Stored data entries:
================================

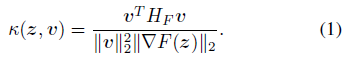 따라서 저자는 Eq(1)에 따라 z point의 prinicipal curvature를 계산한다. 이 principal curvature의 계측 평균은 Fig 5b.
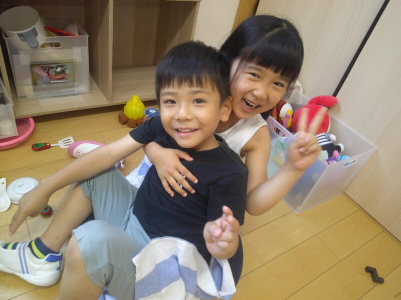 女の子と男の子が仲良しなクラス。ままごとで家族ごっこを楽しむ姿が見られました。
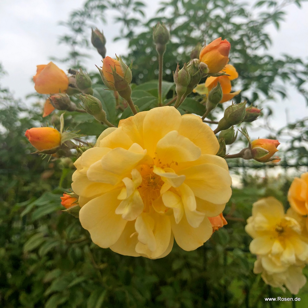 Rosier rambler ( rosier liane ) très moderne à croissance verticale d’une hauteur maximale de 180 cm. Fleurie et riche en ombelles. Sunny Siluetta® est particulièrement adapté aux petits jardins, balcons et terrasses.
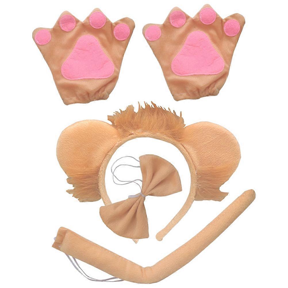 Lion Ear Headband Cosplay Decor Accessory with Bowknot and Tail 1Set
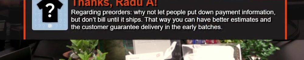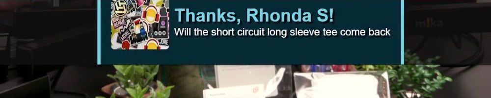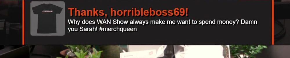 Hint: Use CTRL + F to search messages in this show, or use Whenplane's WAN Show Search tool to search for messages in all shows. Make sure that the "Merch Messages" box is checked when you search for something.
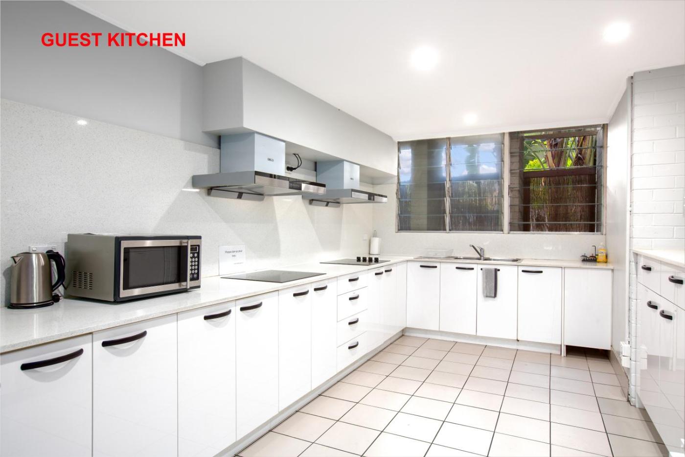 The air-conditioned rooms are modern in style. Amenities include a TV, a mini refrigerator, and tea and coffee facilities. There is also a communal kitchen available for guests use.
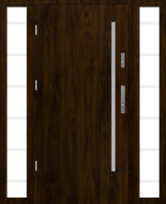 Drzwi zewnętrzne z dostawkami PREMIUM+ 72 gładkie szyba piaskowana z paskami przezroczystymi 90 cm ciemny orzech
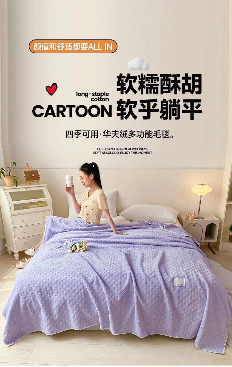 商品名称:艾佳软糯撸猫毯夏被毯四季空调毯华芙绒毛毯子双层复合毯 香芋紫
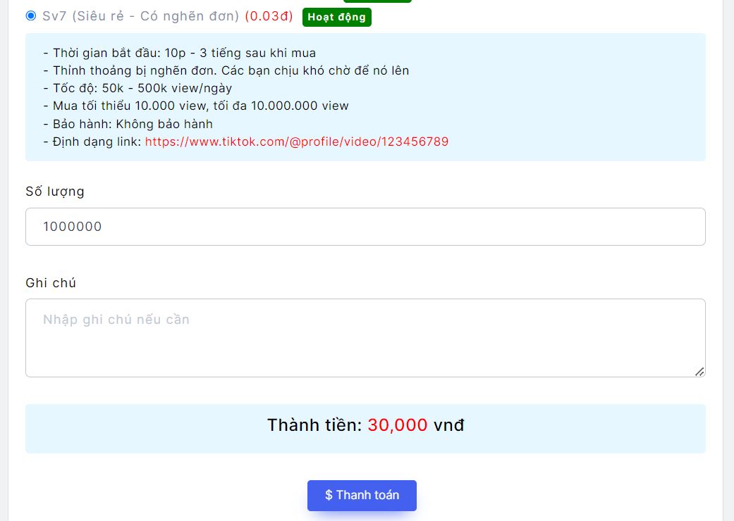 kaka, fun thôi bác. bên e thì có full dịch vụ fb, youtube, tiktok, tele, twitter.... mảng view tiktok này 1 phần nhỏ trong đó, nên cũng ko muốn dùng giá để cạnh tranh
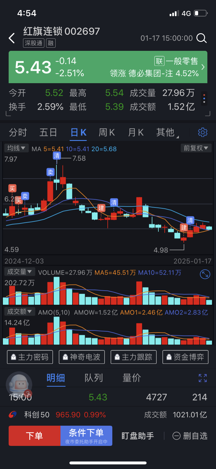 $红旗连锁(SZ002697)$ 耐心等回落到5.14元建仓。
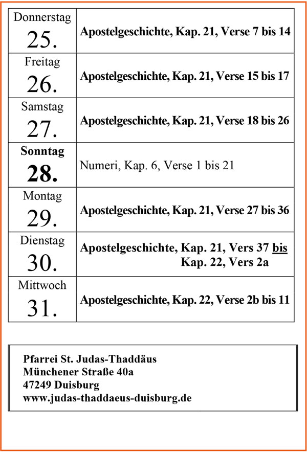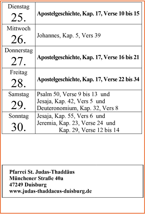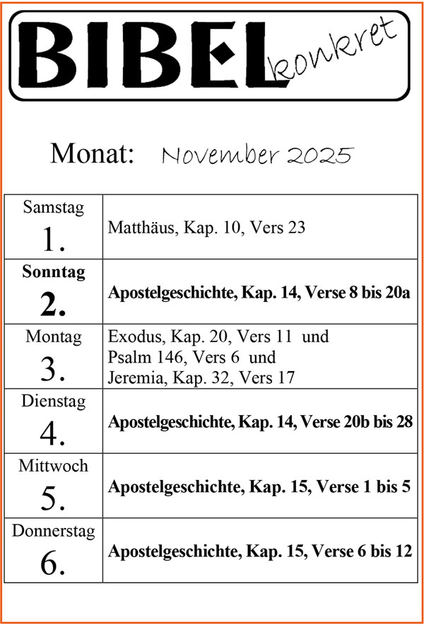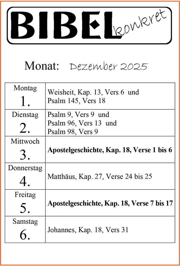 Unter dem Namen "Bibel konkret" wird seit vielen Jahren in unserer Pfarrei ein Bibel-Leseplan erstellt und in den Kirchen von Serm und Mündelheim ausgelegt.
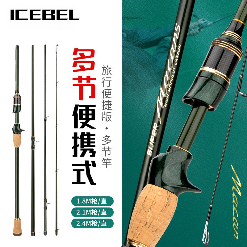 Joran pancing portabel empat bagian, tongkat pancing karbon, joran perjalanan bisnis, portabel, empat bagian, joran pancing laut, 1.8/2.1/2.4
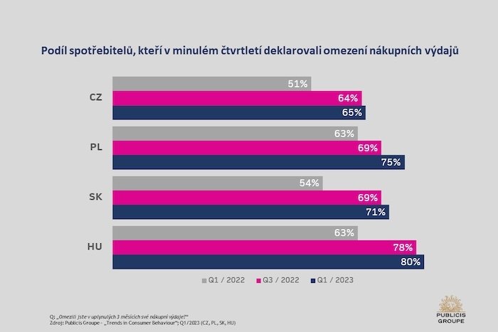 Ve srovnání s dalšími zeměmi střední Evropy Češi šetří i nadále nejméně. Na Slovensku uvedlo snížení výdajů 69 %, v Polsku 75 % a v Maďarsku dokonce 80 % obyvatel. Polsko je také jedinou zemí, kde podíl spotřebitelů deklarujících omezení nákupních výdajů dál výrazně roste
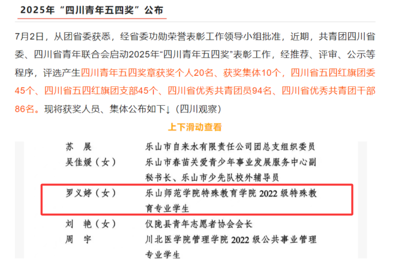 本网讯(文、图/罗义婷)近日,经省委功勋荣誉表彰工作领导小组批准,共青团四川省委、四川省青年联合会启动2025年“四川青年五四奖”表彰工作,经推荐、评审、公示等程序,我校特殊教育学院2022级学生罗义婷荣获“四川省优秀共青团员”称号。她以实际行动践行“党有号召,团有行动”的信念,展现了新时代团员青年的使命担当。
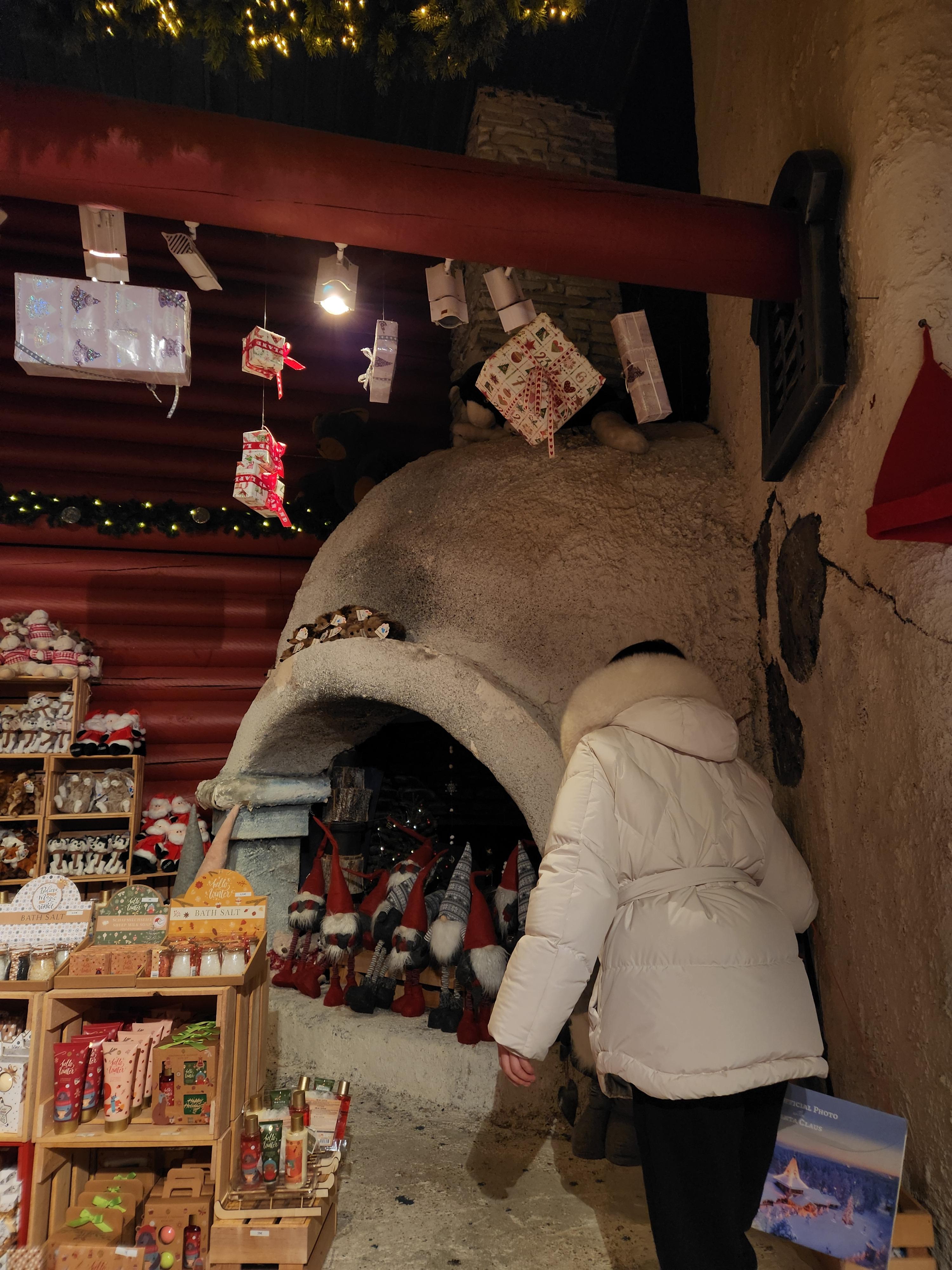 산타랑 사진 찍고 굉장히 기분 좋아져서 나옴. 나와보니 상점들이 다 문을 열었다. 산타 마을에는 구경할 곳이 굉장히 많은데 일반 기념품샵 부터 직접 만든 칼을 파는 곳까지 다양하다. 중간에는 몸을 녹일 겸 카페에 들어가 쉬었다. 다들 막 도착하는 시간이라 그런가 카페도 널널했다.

================================

» **What to do**
From the first line to the last, retype the data exactly, but omit every image.

» **Written response**
 따라서 저자는 Eq(1)에 따라 z point의 prinicipal curvature를 계산한다. 이 principal curvature의 계측 평균은 Fig 5b.
 女の子と男の子が仲良しなクラス。ままごとで家族ごっこを楽しむ姿が見られました。
 Rosier rambler ( rosier liane ) très moderne à croissance verticale d’une hauteur maximale de 180 cm. Fleurie et riche en ombelles. Sunny Siluetta® est particulièrement adapté aux petits jardins, balcons et terrasses.
 Lion Ear Headband Cosplay Decor Accessory with Bowknot and Tail 1Set
 Hint: Use CTRL + F to search messages in this show, or use Whenplane's WAN Show Search tool to search for messages in all shows. Make sure that the "Merch Messages" box is checked when you search for something.
 The air-conditioned rooms are modern in style. Amenities include a TV, a mini refrigerator, and tea and coffee facilities. There is also a communal kitchen available for guests use.
 Drzwi zewnętrzne z dostawkami PREMIUM+ 72 gładkie szyba piaskowana z paskami przezroczystymi 90 cm ciemny orzech
 商品名称:艾佳软糯撸猫毯夏被毯四季空调毯华芙绒毛毯子双层复合毯 香芋紫
 kaka, fun thôi bác. bên e thì có full dịch vụ fb, youtube, tiktok, tele, twitter.... mảng view tiktok này 1 phần nhỏ trong đó, nên cũng ko muốn dùng giá để cạnh tranh
 $红旗连锁(SZ002697)$ 耐心等回落到5.14元建仓。
 Unter dem Namen "Bibel konkret" wird seit vielen Jahren in unserer Pfarrei ein Bibel-Leseplan erstellt und in den Kirchen von Serm und Mündelheim ausgelegt.
 Joran pancing portabel empat bagian, tongkat pancing karbon, joran perjalanan bisnis, portabel, empat bagian, joran pancing laut, 1.8/2.1/2.4
 Ve srovnání s dalšími zeměmi střední Evropy Češi šetří i nadále nejméně. Na Slovensku uvedlo snížení výdajů 69 %, v Polsku 75 % a v Maďarsku dokonce 80 % obyvatel. Polsko je také jedinou zemí, kde podíl spotřebitelů deklarujících omezení nákupních výdajů dál výrazně roste
 本网讯(文、图/罗义婷)近日,经省委功勋荣誉表彰工作领导小组批准,共青团四川省委、四川省青年联合会启动2025年“四川青年五四奖”表彰工作,经推荐、评审、公示等程序,我校特殊教育学院2022级学生罗义婷荣获“四川省优秀共青团员”称号。她以实际行动践行“党有号召,团有行动”的信念,展现了新时代团员青年的使命担当。
 산타랑 사진 찍고 굉장히 기분 좋아져서 나옴. 나와보니 상점들이 다 문을 열었다. 산타 마을에는 구경할 곳이 굉장히 많은데 일반 기념품샵 부터 직접 만든 칼을 파는 곳까지 다양하다. 중간에는 몸을 녹일 겸 카페에 들어가 쉬었다. 다들 막 도착하는 시간이라 그런가 카페도 널널했다.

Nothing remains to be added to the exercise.